Ladies and Gentlemen:
Without a doubt, it is a tremendous honor for me to be welcomed this afternoon at this historic monument to Argentine democracy. I thank you in name of all Chileans.
This is the first time that a Chilean head of state has come to this ally country on a State Visit just days after taking office. I took office as President not ten days ago.
And as the Vice President said, this is not a coincidence. I wanted to illustrate, with my presence before you and the Argentine people, my unequivocal willingness to strengthen the deep ties of friendship and cooperation that Argentines and Chileans have built based on common values, such as democracy, respect for the rule of law and a shared vision of strategies for our development.
We have built up this friendship since we became independent countries, and we have intensely deepened this relationship more recently, once we both came to have democratic governments.
As you well know, mine is the fourth democratic administration since we restored democracy in 1990. Since then, Chile has changed and progressed quite a bit. Today, we have a fully democratic Constitution, without enclaves of authoritarianism. I should point out that we still need to improve our electoral system, in order to make it truly democratic and representative.
We are a country united around common values. Chilean society is moving quickly towards a more tolerant, egalitarian and democratic culture.
Today, Chile is a country that is free of fear. How could there be any doubt about it? The first female President of Chile is here before you. This is a society that, without a doubt, has changed and matured. A few years ago, frankly, this would have been unthinkable. I want to point out that at my inauguration, many women said to me, "you are an inspiration, but also, you are an aspiration." And so it is—whether it’s a good example or not—that the women on this continent, and in other places, are clearly watching us with interest. This is about societies and countries that are able to mature and offer equal opportunities to both women and men. That is, without a doubt, a goal for everyone here in this room.
In Chile, we have opened up the economy, and we have maintained a sustained rate of growth, as well as a persistent fiscal discipline.
However, we went way beyond what the Washington Consensus prescribed for us, because as a progressive coalition, we knew that market policies would not be sufficient to resolve the grave inequalities affecting our society. They could even work to perpetuate those inequalities.
That is why we have carried out policies that have allowed us to offer increasing equality of opportunities and increasingly better access to basic services. We especially want to guarantee those services for families with lower incomes and fewer possibilities.
We have made great progress, but we still have much to do. That is why, in the next four years of my administration, we are going to continue with our economic policies, but I am going to dedicate my energy to consolidate and further those advances.

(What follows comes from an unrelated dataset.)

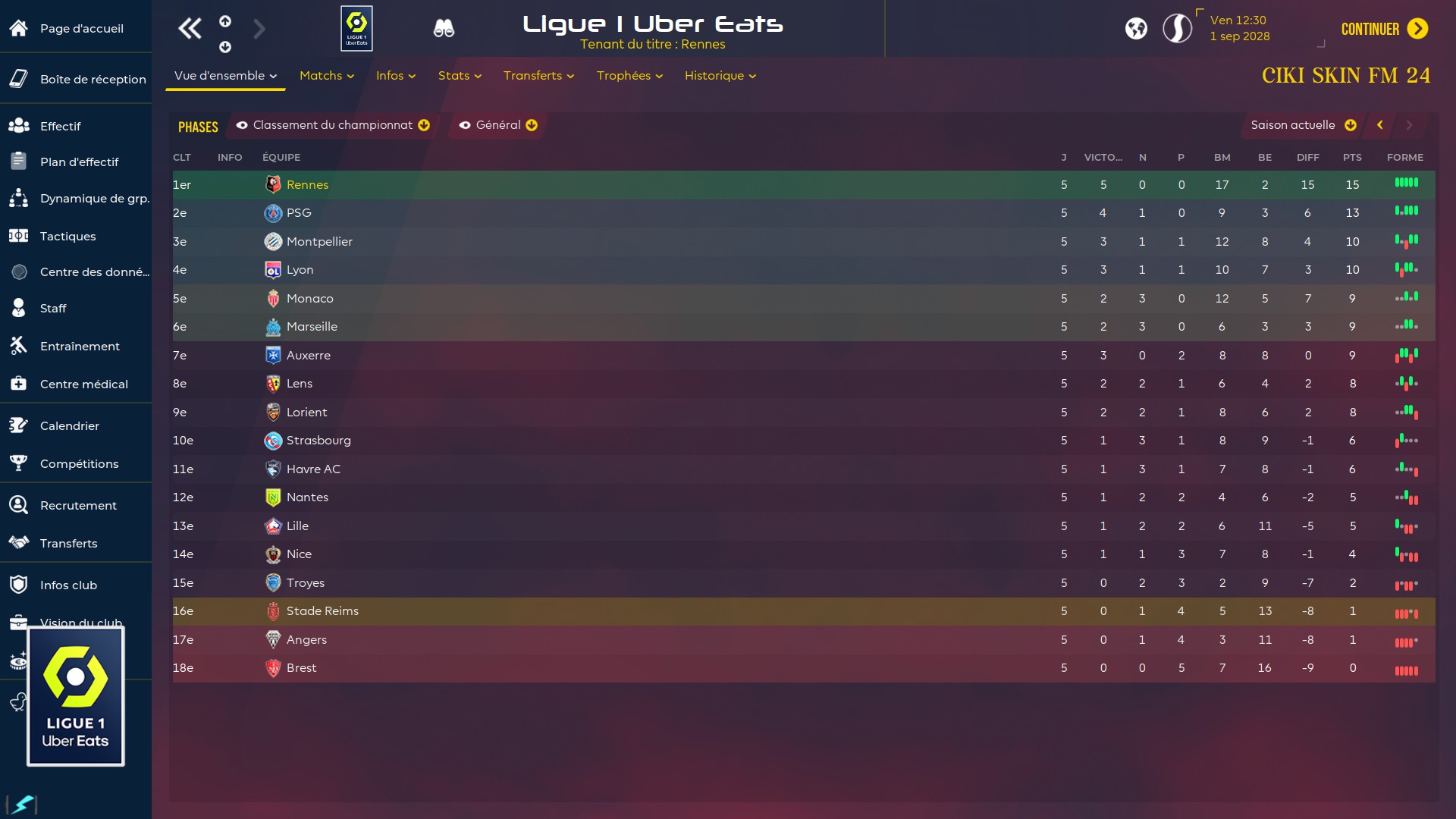 Le calendrier du Stade Rennais en Ligue des Champions 2029/2030 est connu :

At the end of my term, I want my government to be able to guarantee all Chilean citizens a social welfare system to protect them from cradle to grave. This includes a programs—I am not going to go into detail about them here—to increase coverage in daycare and pre-school education, as well as improving quality at all other levels. It also includes increased access to decent, timely healthcare for all citizens; the construction of better quality public housing with more square meters per person, because quality of life has to do with how many square meters per person we can provide; and, without a doubt, it will include the pension system, which is experiencing a period of crisis. The great reform that I will carry out in my country will take place in the pension system, by finding, among other things, a decent equilibrium between the needs of the economy and the maintenance of sustainable, adequate environmental policies.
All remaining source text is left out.